Pathway enrichment analysis
Gene Ontology enrichment analysis was performed using clusterProfiler v4.14.6 with org.Hs.eg.db annotation. Biological process terms were tested using over-representation analysis with Benjamini-Hochberg correction (p-value cutoff 0.05, q-value cutoff 0.2). Gene Set Enrichment Analysis was performed on pre-ranked gene lists using gseGO (minimum gene set size 10, maximum 500, p-value cutoff 0.05).
Cytotoxic potential scoring
Cytotoxic capacity was quantified using AUCell v1.28.0 with a curated gene signature (GZMA, GZMB, GZMH, GZMK, GZMM, PRF1, GNLY, NKG7, CTSW, CST7). Area under the curve scores were computed using the top 5% of ranked genes per cell and compared across CD8 + T cell subsets.
Cell-cell communication inference
Intercellular communication networks were reconstructed using CellChat v2.2.0 with the CellChatDB.human ligand-receptor database. Analysis was performed separately for ARIA+ and ARIA− conditions. Communication probabilities were calculated for each ligand-receptor pair between cell type pairs, with filtering requiring ≥10 cells per group. Pathway-level communication strengths were aggregated and compared between conditions.

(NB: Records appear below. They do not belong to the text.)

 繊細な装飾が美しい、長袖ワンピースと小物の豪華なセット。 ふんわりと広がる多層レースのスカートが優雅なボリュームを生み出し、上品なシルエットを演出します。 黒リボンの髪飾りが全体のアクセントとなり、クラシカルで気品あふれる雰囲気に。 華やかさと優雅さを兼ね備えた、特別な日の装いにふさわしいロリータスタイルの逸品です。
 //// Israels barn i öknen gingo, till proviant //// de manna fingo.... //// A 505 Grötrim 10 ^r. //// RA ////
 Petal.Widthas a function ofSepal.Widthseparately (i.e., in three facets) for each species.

Pseudotime trajectory inference
CD8 + T cell differentiation trajectories were reconstructed using Slingshot v2.14.0 implemented through SCP v0.5.6. Lineages were inferred in the integrated low-dimensional space using cell type annotations as constraints. Dynamic gene expression patterns were identified along pseudotime using 200 highly variable genes.

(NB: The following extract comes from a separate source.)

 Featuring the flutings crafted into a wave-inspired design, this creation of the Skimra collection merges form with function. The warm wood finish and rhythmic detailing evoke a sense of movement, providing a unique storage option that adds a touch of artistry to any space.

Gene regulatory network analysis
Cell type-specific gene regulatory networks were constructed using CellOracle v0.20.0 with the human promoter-based reference network from the CellOracle database. After random downsampling to 20,000 cells, principal component analysis was performed with automatic selection of informative components. K-nearest neighbor imputation was applied (k = 2.5% of total cells) with balanced sampling. Cell type-specific networks were constructed (α = 10) and predictive models fitted for perturbation simulation. Gene knockout simulations were performed by setting target expression to zero with 3 propagation steps. Vector field analysis used 200 nearest neighbors for transition probability estimation.

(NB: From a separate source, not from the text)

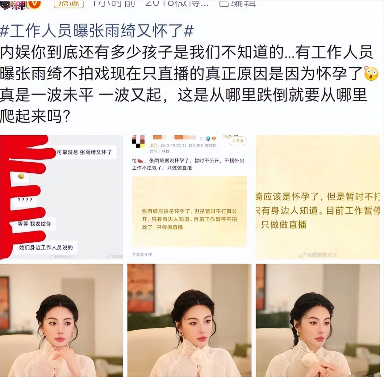 爆料还透露,张雨绮近期停工专注直播,实则是孕期低调休养。
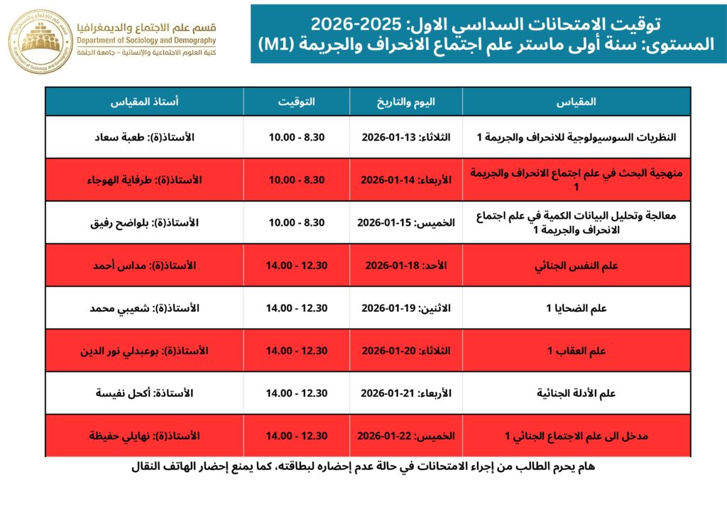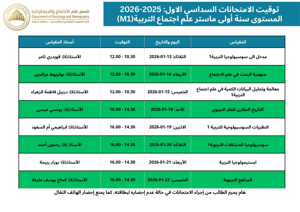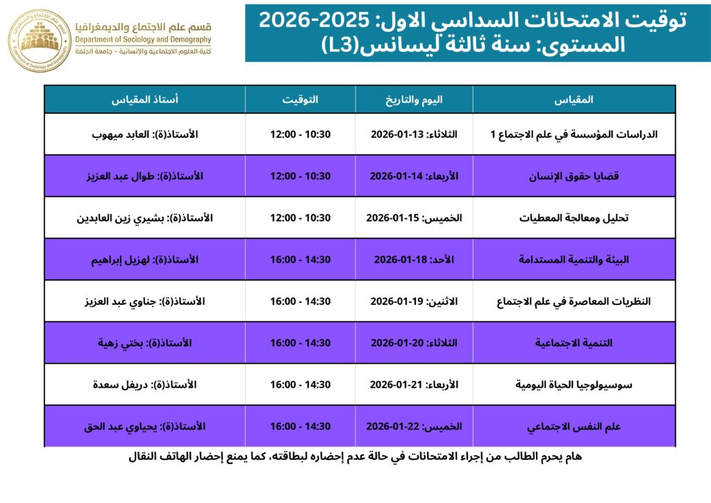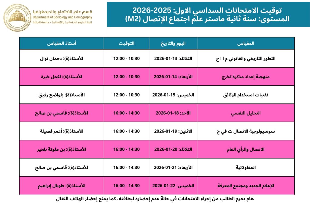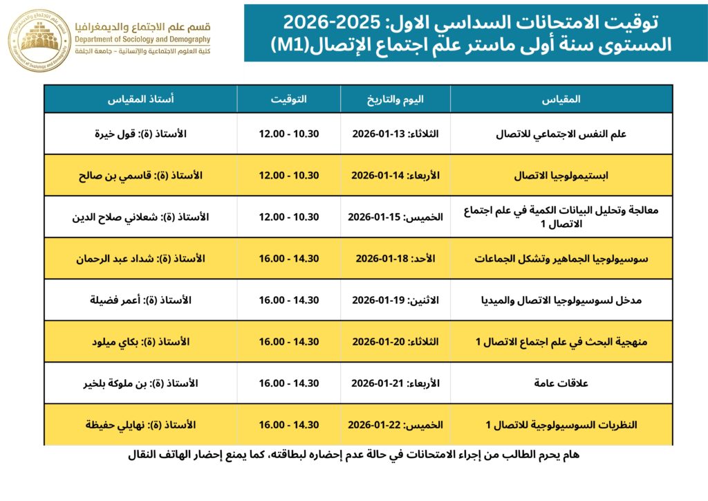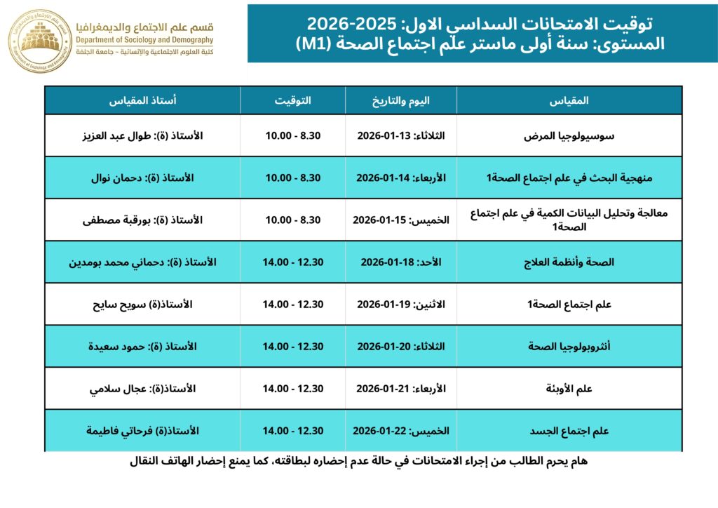 التوقيت المحين لامتحانات السداسي الأول قسم علم الاجتماع والديمغرافيا 2025 – 2026 webmaster 06-01-2026 الاعلانات التعليقات على التوقيت المحين لامتحانات السداسي الأول قسم علم الاجتماع والديمغرافيا 2025 – 2026 مغلقة 190 زيارة مقالات مشابهة إعلان للمشاركة في التظاهرات الدولية 20 ساعة مضت تهنئة بمناسبة حلول شهر رمضان المبارك 5 أيام مضت بخصوص توقيت الدراسة خلال شهر رمضان الكريم للموسم الجامعي 2026/2025 6 أيام مضت شاركها Facebook Twitter Google + Stumbleupon LinkedIn Pinterest

Transcription factor activity analysis
Transcription factor activities were inferred using decoupleR v2.12.0 with the CollecTRI network obtained via get_collectri(). The Univariate Linear Model (ULM) method was applied to SCT-normalized expression data to estimate transcription factor activities based on target gene expression with minimum regulon size of 5 genes. Differential transcription factor activity analysis was performed within each cell type using t-tests comparing ARIA+ vs ARIA− samples, with a pseudocount of 2 added before log2 fold-change calculation. Results were adjusted for multiple testing using the Benjamini-Hochberg method, with significance defined as adjusted p-value < 0.05 and absolute log fold-change >0.5. Transcription factors were clustered using Ward’s hierarchical clustering based on activity patterns across cell types.
Metabolic pathway analysis
Metabolic reprogramming in CD8 + T cell subsets was assessed using selected genes from MSigDB Hallmark pathways, supplemented with additional curated genes for lactate metabolism, TCA cycle, fatty acid oxidation, and mitochondrial biogenesis. Expression data were visualized using dot plots showing mean expression, percent of cells expressing, and statistical significance determined by Wilcoxon rank-sum tests comparing ARIA+ vs ARIA− within each CD8+ subset.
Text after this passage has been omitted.